Reasons I Fucking Hate Webinars, An Annotated List

  • You can't pause them. I like to control my experience. It's why I like road trips more than flying. You can't pause a flight, either. 
  • The learning never surpasses the bullshit. There's always some kind of sales BS and there's always more of that than helpful information. 
  • You can't use it as a reference. I mean, I know I can use my notes. I know that I survived college and grad school with live webinars (aka 'classes') only. But those classes had textbooks. 
  • Funny people don't make webinars. This was going to say "Nobody is interesting after 30 minutes straight" but that's not true. Great stand-up comics and actors are. But they don't making fucking webinars. 
  • I hate knowing something is a sales tactic before it even starts. And you know there is no other reason to do a webinar besides sales. It's 2019, for fuck's sake. 
Right now you might be questioning why in the hell I sat through the damn webinar and honestly I don't have a good answer. There was a promise of a free workbook at the end. Also, I did want to learn about the topic and I was under the impression that the dude was an expert in it. 

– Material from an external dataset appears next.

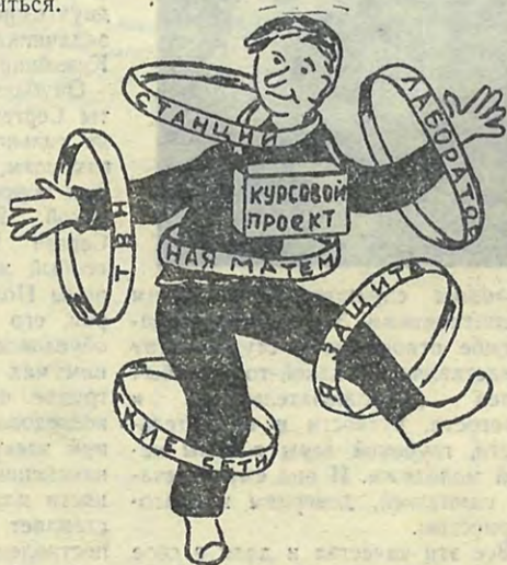
Ритмичный танец «Зачетная неделя».

Курсовое бюро не упускает из виду, что предстоит еще немалая работа над тем, чтобы газета была по-настоящему боевой, дей-

This impression was wrong, by the way. Pretty sure the guy's expertise is in sales. In fact, I started taking notes on sales tactics about halfway through - when I wasn't checking my email, looking at Facebook and doing research. 

Apparently I should have been researching how not to get suckered in by free webinars. 

I was thinking about signing up for an online course or two but now I'm afraid it'll just be a webinar that I can pause.